### Task description:
Given the records below, would you repeat exactly the lines that begin at the one containing "Figure 2. Hydroporus scalesianus ." and end at the one containing "It was time", inclusive?

### Input for this task:
□ □ □ □ □ □ □
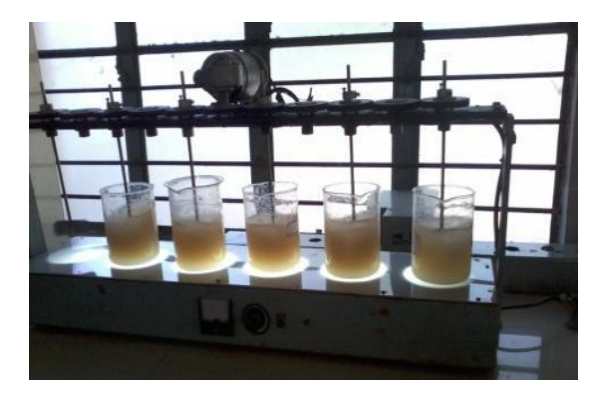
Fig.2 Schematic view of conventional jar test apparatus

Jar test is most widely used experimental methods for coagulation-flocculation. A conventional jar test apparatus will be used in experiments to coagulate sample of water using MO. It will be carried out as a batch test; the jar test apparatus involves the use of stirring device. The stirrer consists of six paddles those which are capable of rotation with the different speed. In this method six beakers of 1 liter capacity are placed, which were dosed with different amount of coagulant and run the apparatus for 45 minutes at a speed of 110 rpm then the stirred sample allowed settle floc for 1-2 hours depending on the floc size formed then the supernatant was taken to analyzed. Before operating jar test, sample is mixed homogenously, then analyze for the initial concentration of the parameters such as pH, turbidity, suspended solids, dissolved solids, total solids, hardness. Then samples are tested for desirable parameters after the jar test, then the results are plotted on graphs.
□ □ □ □ □ □ □
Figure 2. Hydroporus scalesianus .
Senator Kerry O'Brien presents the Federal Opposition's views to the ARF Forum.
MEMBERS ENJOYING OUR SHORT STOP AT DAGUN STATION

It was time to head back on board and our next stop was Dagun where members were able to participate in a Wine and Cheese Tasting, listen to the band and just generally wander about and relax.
□ □ □ □ □ □ □
### Answer to this problem:
Figure 2. Hydroporus scalesianus .
Senator Kerry O'Brien presents the Federal Opposition's views to the ARF Forum.
MEMBERS ENJOYING OUR SHORT STOP AT DAGUN STATION

It was time to head back on board and our next stop was Dagun where members were able to participate in a Wine and Cheese Tasting, listen to the band and just generally wander about and relax.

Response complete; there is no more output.